# Can I overclock my onboard graphics card ?



## koolent (Feb 23, 2012)

Hi,

I wanted to know whether I can overclock my Graphics Card Which is

Intel GMA 3100 (No X3100) 256 MB

Motherboard : MSI 7525 (Boston) v1.0

I have a non overclockable board but I overclocked my Intel core 2 duo E7400 @ 2.8 GHz to 3.5 GHz..

 Is there any way to overclock the onboard graphics card ?


----------



## coderunknown (Feb 23, 2012)

not worth it. the IGP is extremely slow. even if you make it run at double the clock, i doubt you'll see any difference. BTW if you already have a GPU whats the point of overclocking the IGP?


----------



## koolent (Feb 23, 2012)

Hmm.. Ryt bt still tell me.. How ?? So that I can help my frnd..


----------



## MyGeekTips (Feb 23, 2012)

koolent said:


> Hmm.. Ryt bt still tell me.. How ?? So that I can help my frnd..

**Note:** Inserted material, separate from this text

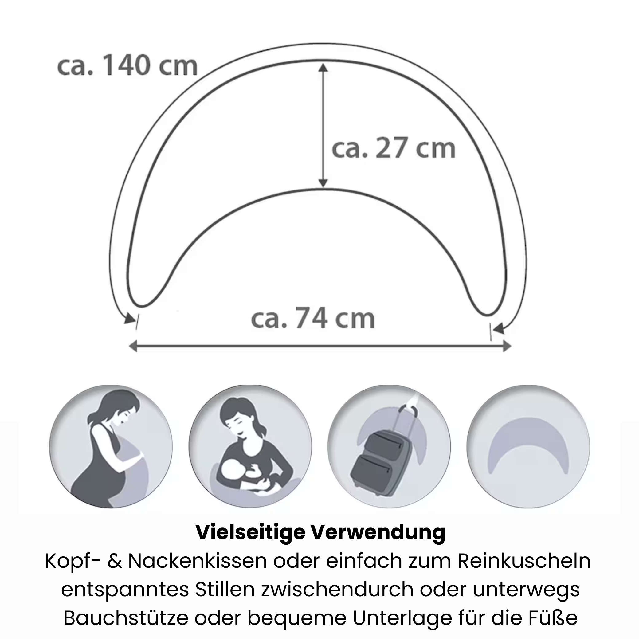 Das Theraline Musselinmond Stillkissen bietet nicht nur eine entspannte Stillzeit, sondern auch ein komfortables Kuschelerlebnis für den gesamten Körper. Mit seinem handlichen, praktischen Design lässt sich das Kissen nicht nur für das Stillen verwenden, sondern auch als gemütliches Kopf- und Nackenkissen oder als kuscheliges Lesekissen im Alltag. Der 4-lagige Musselinbezug fühlt sich besonders weich und angenehm auf der Haut an, während die feinsten Perlenfüllung aus Polystyrol eine perfekte Unterstützung und sanfte Polsterung garantiert. Der Bezug besteht zu 100 % aus Baumwolle und ist somit nicht nur strapazierfähig, sondern auch atmungsaktiv und hautfreundlich. Das Inlett des Kissens ist ebenfalls aus Baumwolle gefertigt und sorgt dafür, dass das Kissen stets in Form bleibt. Besonders hervorzuheben ist, dass das Theraline Musselinmond Stillkissen geruchs- und schadstofffrei ist. Mit einem Außenmaß von 140 x 27 cm und einer Füllmenge von etwa 18 Litern ist das Kissen großzügig dimensioniert und bietet ausreichend Komfort und Flexibilität. Ob für entspannte Momente mit Ihrem Baby oder als praktisches Stützkissen im Alltag – das Theraline Musselinmond Stillkissen vereint Funktionalität und Komfort in einem stilvollen Design und wird schnell zu Ihrem neuen Lieblingsbegleiter.

You mentioned in first post that you overclocked *your* processor. Now from where you friend comes?


----------



## koolent (Feb 23, 2012)

From his house..  jst kidding..

Plz don't ask questions yaar tell me something.. I have overclocked my processor..


----------



## tkin (Feb 24, 2012)

No you can't.


----------



## koolent (Feb 24, 2012)

Hmm.. Nw that ws cool


----------